In this section we create a local spark session using importing necessary classes and kickstaring a local spark session. We then import the stream of CSV files from DBFS. Spark Streaming has three major components: input sources, processing engine, and sink(destination). Input sources generate data like Kafka, Flume, HDFS/ S3/ any file system, etc. Spark Streaming engine processes incoming data from various input sources. Sinks store processed data from Spark Streaming engines like HDFS/File System, relational databases, or NoSQL DB's.

In [0]:
# Import the necessary classes

from pyspark.sql import SparkSession
from pyspark.sql.functions import *
from pyspark.sql import Column
from typing import List
from pyspark.sql.types import *

In [0]:
# Create a local SparkSession, the starting point of all functionalities related to Spark.
spark = SparkSession.builder.appName("StreamTest").getOrCreate()

In [0]:
#Converts CSV plain text RDD into SparkSQL DataFrame (former SchemaRDD) using PySpark. If columns not given, assumes first row is the header.     If separator not given, assumes comma separated

def csvToDataFrame(sqlCtx, rdd, columns=None, sep=",", parseDate=True):
    if py_version < 3:
        def toRow(line):
            return toRowSep(line.encode('utf-8'), sep)
    else:
        def toRow(line):
            return toRowSep(line, sep)

    rdd_array = rdd.map(toRow)
    rdd_sql = rdd_array

    if columns is None:
        columns = rdd_array.first()
        rdd_sql = rdd_array.zipWithIndex().filter(
            lambda r_i: r_i[1] > 0).keys()
    column_types = evaluateType(rdd_sql, parseDate)

    def toSqlRow(row):
        return toSqlRowWithType(row, column_types)
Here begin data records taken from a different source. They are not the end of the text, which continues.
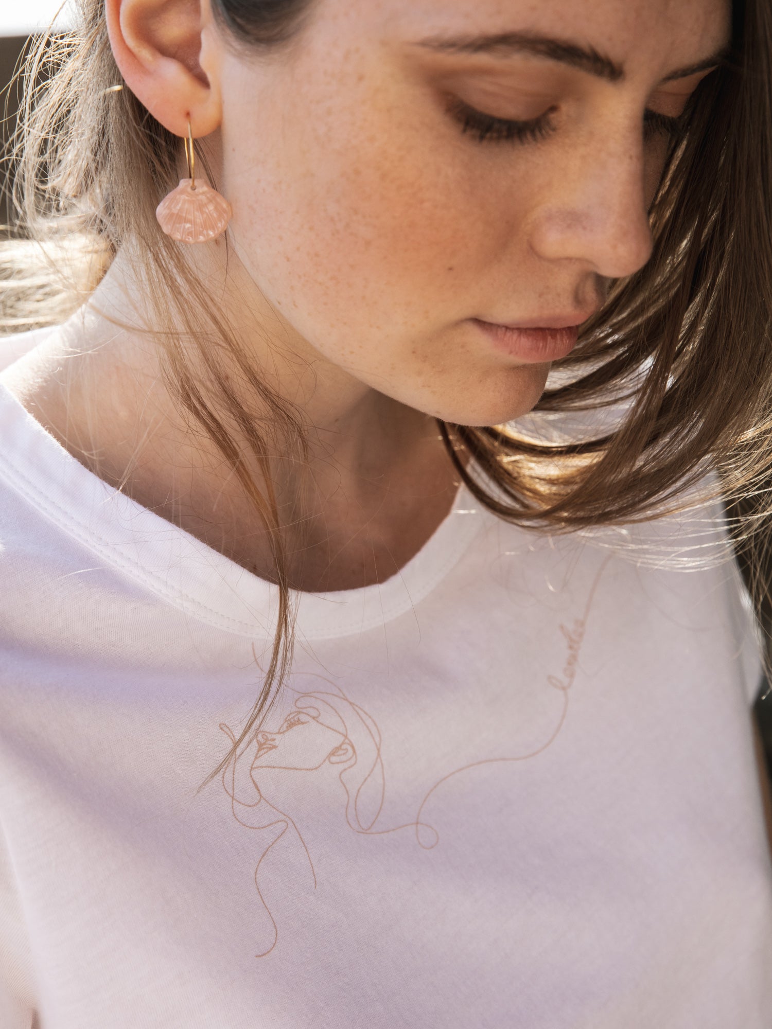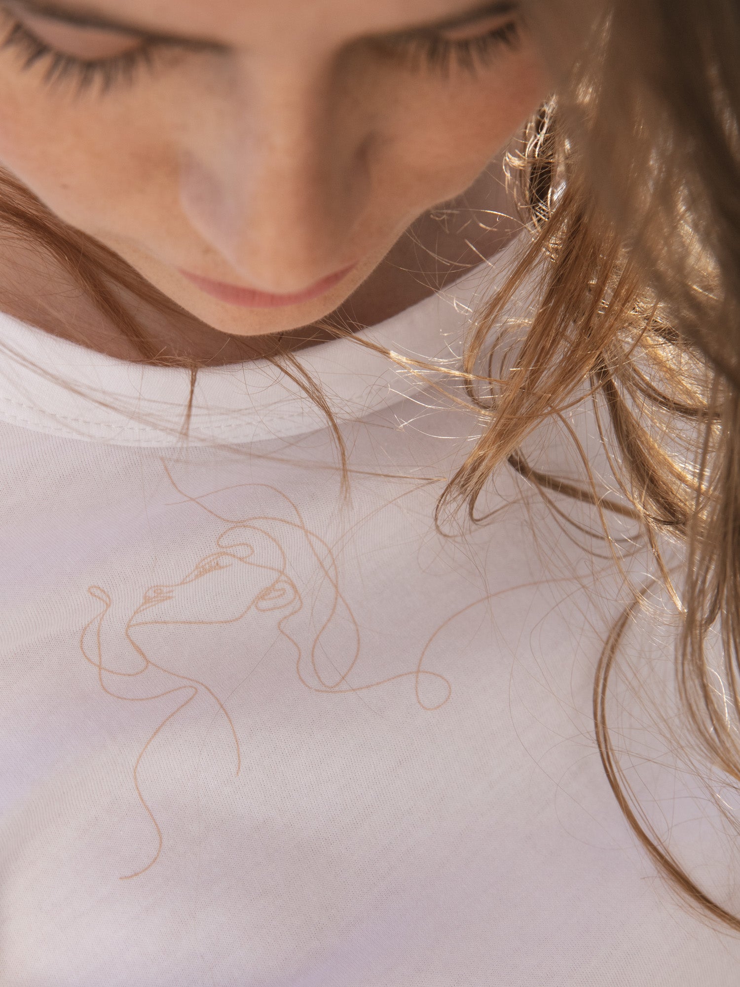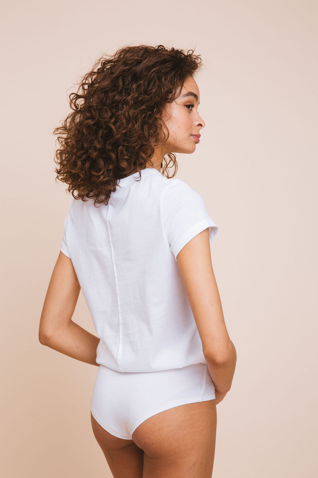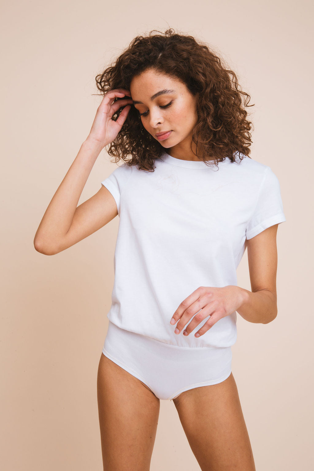 Tee-shirt blanc col rond associé à notre culotte shorty aux coutures dorées. Pas de coutures sur les côtés du tee-shirt mais une large couture sur le milieu du dos. L'illustration de L'envolée est délicatement tracée en couleur nude sur le décolleté, tout en finesse.
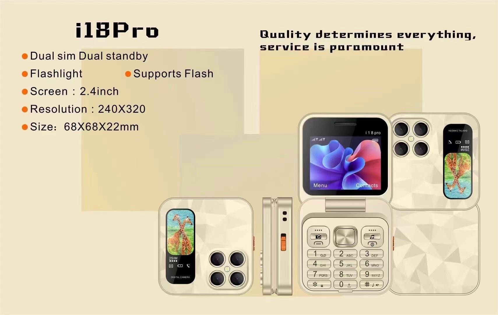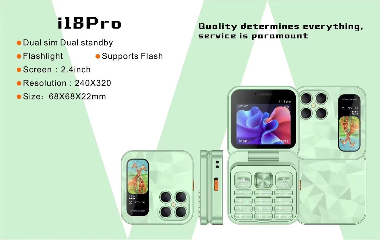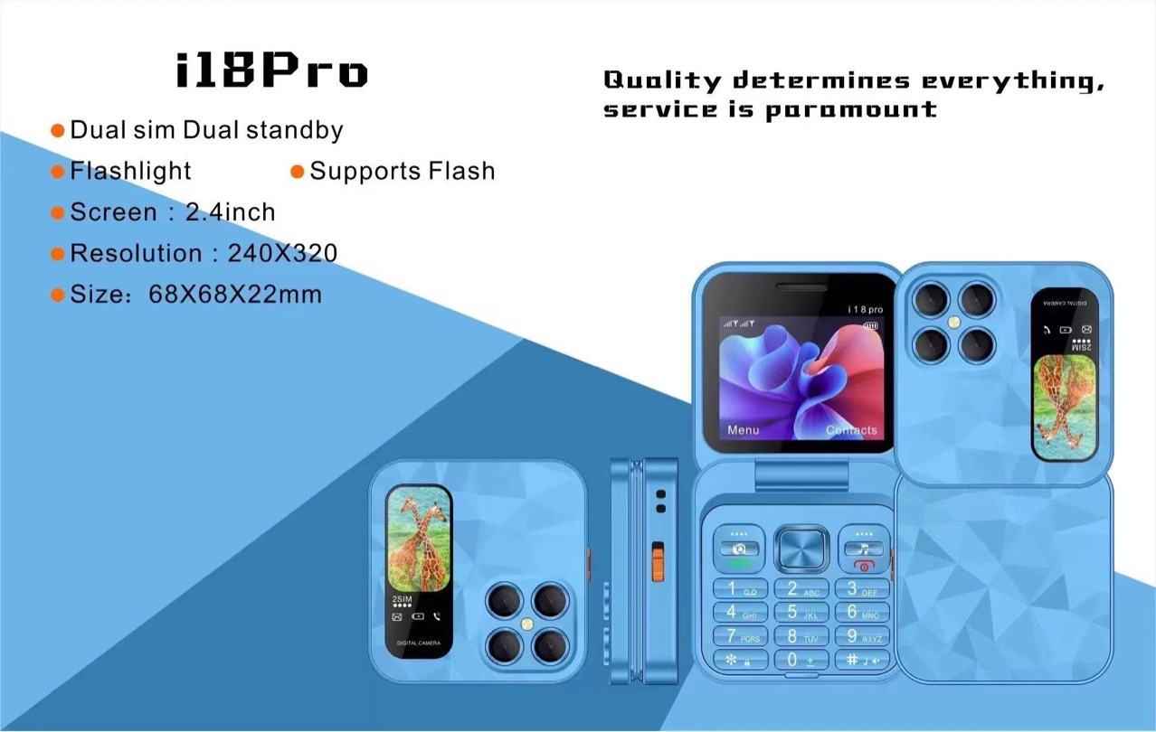 Mini flip Phone跨境新款i18pro翻盖手机2.4寸双卡2G按键折叠手机 English | 投诉
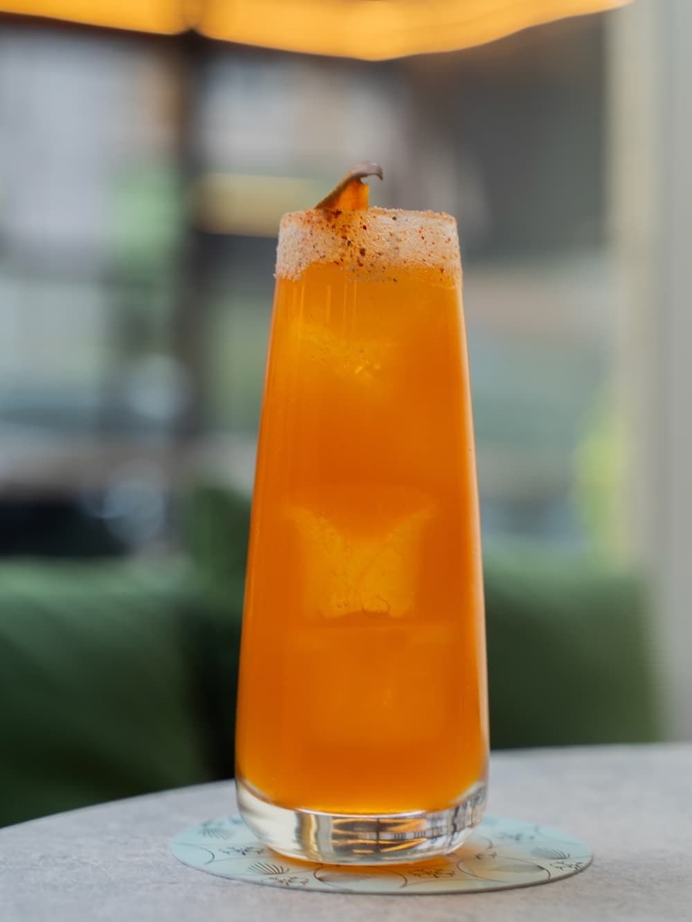 Temptation Island€ 15Tequila, mango, passion fruit, ancho reyes red, agave, tabasco, rim di sale al chili ancho
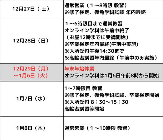 12/5(金)は設備点検のため休業日となります。 《オンライン学科教習の受講は可能です》 ご迷惑をおかけいたしますが、ご理解の程よろしくお願い申し上げます。 |
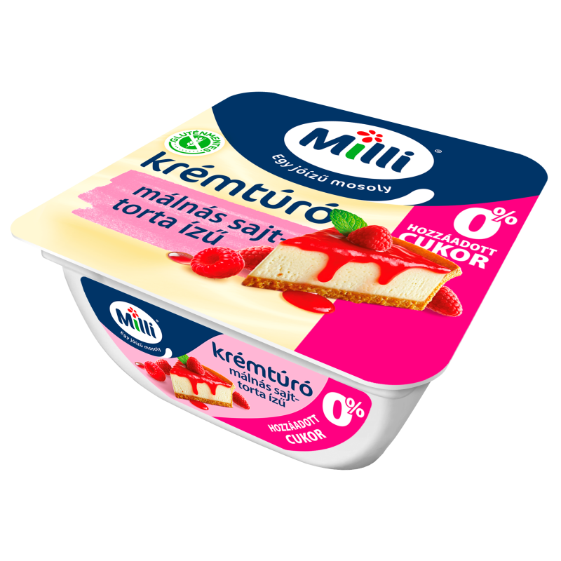 A Milli málnás-sajttorta ízű túrókrém egy könnyed, mégis élvezetes desszertalternatíva, amely a klasszikus sajttorta krémes világát friss, gyümölcsös málnás ízzel ötvözi.
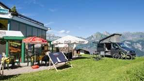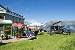 BikerCamping Flumserberg propose des possibilités d'hébergement directement à la station inférieure de la télécabine 12 places Prodalp-Express à Tannenheim. Les campeurs peuvent utiliser l'infrastructure de l'Aparthotel Edy Bruggmann et passer la nuit à proximité des BikerTrails.
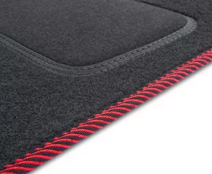 Granulat gumowy Obszycie: Czarno / Czerwona lamówka materiałowa Ilość dywaników w zestawie: 4szt Ilość stoperów w zestawie: 4szt Dodatkowe wzmocnienie na dywaniku kierowcy
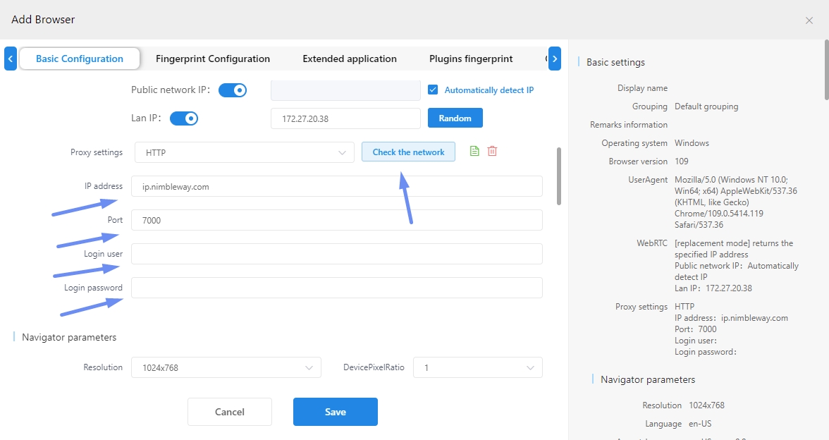 Test the proxy to ensure it's working correctly by clicking “Check the network”.
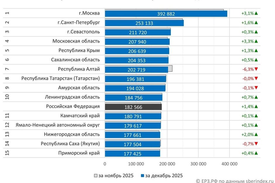 При этом отмечается, что в декабре 2025 года стоимость 1 кв. м в новостройках не изменилась по сравнению с ноябрем того же года.
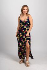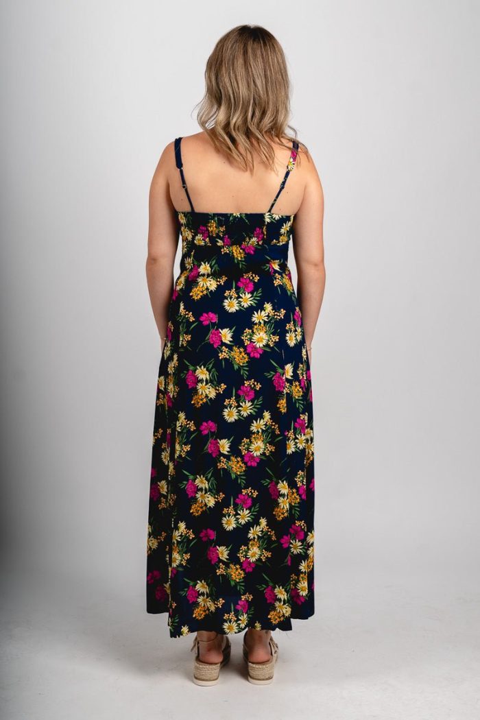 Spaghetti strap navy cotton-like maxi dress with pink, yellow, and green floral detailing from Lush Fashion Lounge women’s boutique in Oklahoma City.
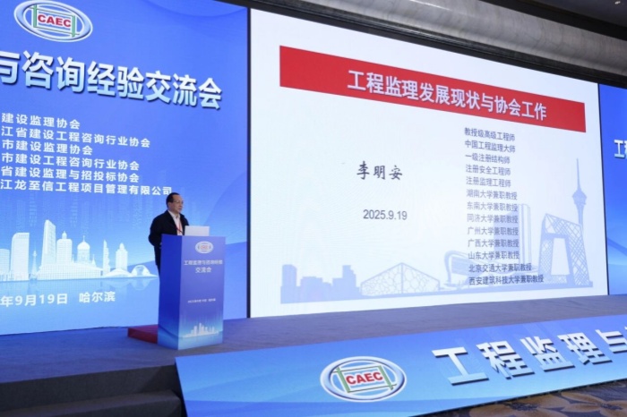 2025年9月19日,由中国建设监理协会主办,黑龙江省工程咨询行业协会、北京市建设监理协会、上海市建设工程咨询行业协会、江苏省建设监理与招投标协会、黑龙江龙至信工程项目管理有限公司协办的“工程监理与咨询经验交流会”在黑龙江哈尔滨成功召开。
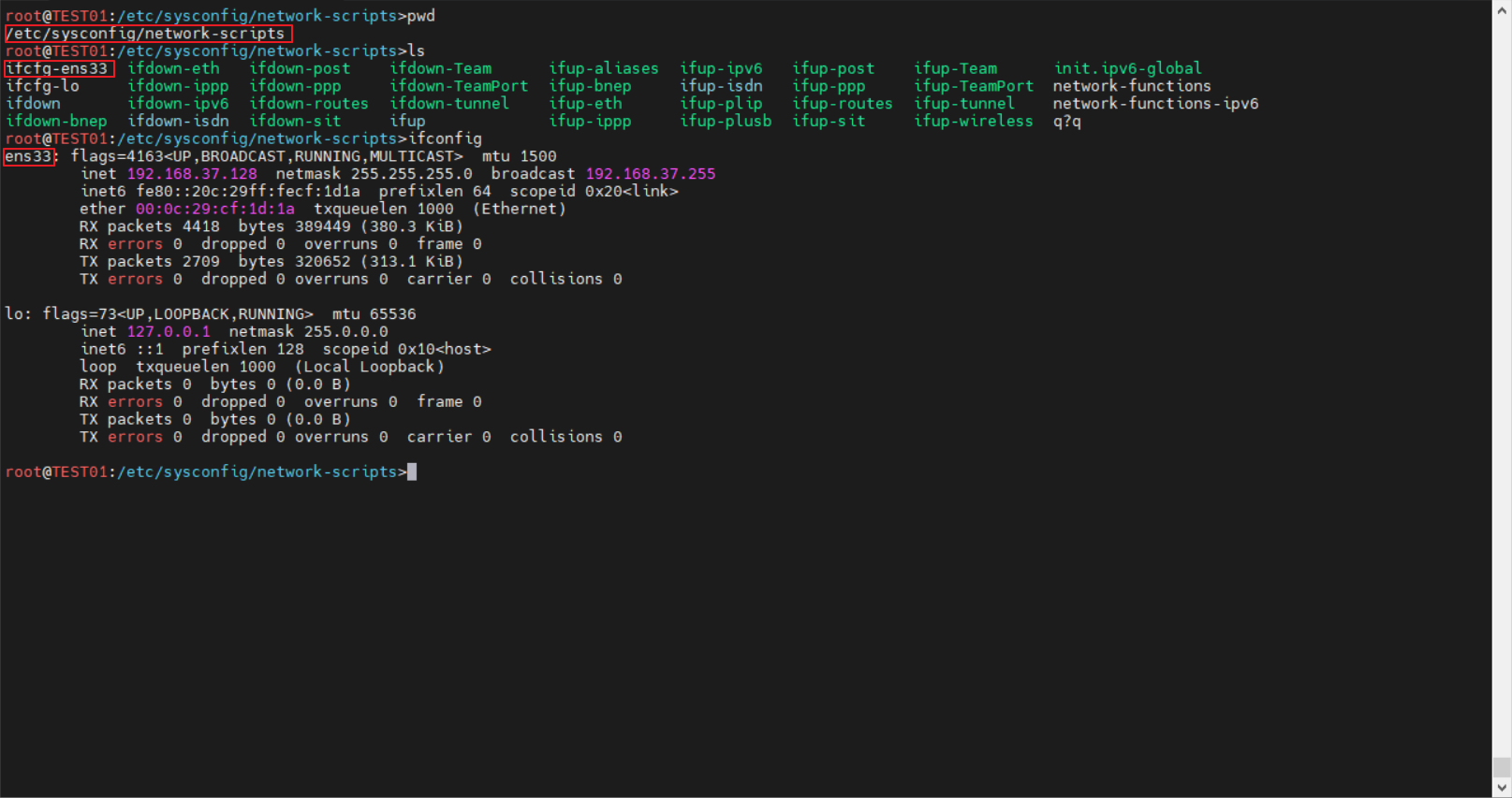 | root@TEST01:/etc/sysconfig/network-scripts>ifconfig ens33: flags=4163<UP,BROADCAST,RUNNING,MULTICAST> mtu 1500 inet 192.168.37.128 netmask 255.255.255.0 broadcast 192.168.37.255 inet6 fe80::20c:29ff:fecf:1d1a prefixlen 64 scopeid 0x20<link> ether 00:0c:29:cf:1d:1a txqueuelen 1000 (Ethernet) RX packets 4456 bytes 392555 (383.3 KiB) RX errors 0 dropped 0 overruns 0 frame 0 TX packets 2735 bytes 323154 (315.5 KiB) TX errors 0 dropped 0 overruns 0 carrier 0 collisions 0 |

    schema = makeSchema(zip(columns, column_types))

    return sqlCtx.createDataFrame(rdd_sql.map(toSqlRow), schema=schema)

In [0]:
# Defining Schema structure
Schemadef = StructType([
                    StructField("pkSeqID", DoubleType(), True), 
                    StructField("proto", StringType(), True), 
                    StructField("saddr", StringType(), True),
                    StructField("sport", StringType(), True), 
                    StructField("daddr", StringType(), True), 
                    StructField("dport", StringType(), True), 
                    StructField("seq", DoubleType(), True), 
                    StructField("stddev", DoubleType(), True), 
                    StructField("N_IN_Conn_P_SrcIP", DoubleType(), True), 
                    StructField("min", DoubleType(), True), 
                    StructField("state_number", DoubleType(), True), 
                    StructField("mean", DoubleType(), True), 
                    StructField("N_IN_Conn_P_DstIP", DoubleType(), True), 
                    StructField("drate", DoubleType(), True), 
                    StructField("srate", DoubleType(), True),
					StructField("max", DoubleType(), True), 
                    StructField("attack", DoubleType(), True), 
                    StructField("category", StringType(), True), 
                    StructField("subcategory", StringType(), True)])
					


In [0]:
#Function to define schema structure
def makeSchema(columns):
    struct_field_map = {'string': StringType(),
                        'date': TimestampType(),
                        'double': DoubleType(),
                        'int': IntegerType(),
                        'none': NullType()}
    fields = [StructField(k, struct_field_map[v], True) for k, v in columns]

    return StructType(fields)

In [0]:
# Print schema definition in string format.
Schemadef.simpleString()

Out[79]: 'struct<pkSeqID:double,proto:string,saddr:string,sport:string,daddr:string,dport:string,seq:double,stddev:double,N_IN_Conn_P_SrcIP:double,min:double,state_number:double,mean:double,N_IN_Conn_P_DstIP:double,drate:double,srate:double,max:double,attack:double,category:string,subcategory:string>'

In [0]:
# Create Streaming DataFrame by reading data from directory.
# This will read maximum of 2 files per mini batch. However, it can read less than 2 
df = spark.readStream.format("csv").option("maxFilesPerTrigger",1).option("header", True).schema(Schemadef).csv("/FileStore/tables/training/")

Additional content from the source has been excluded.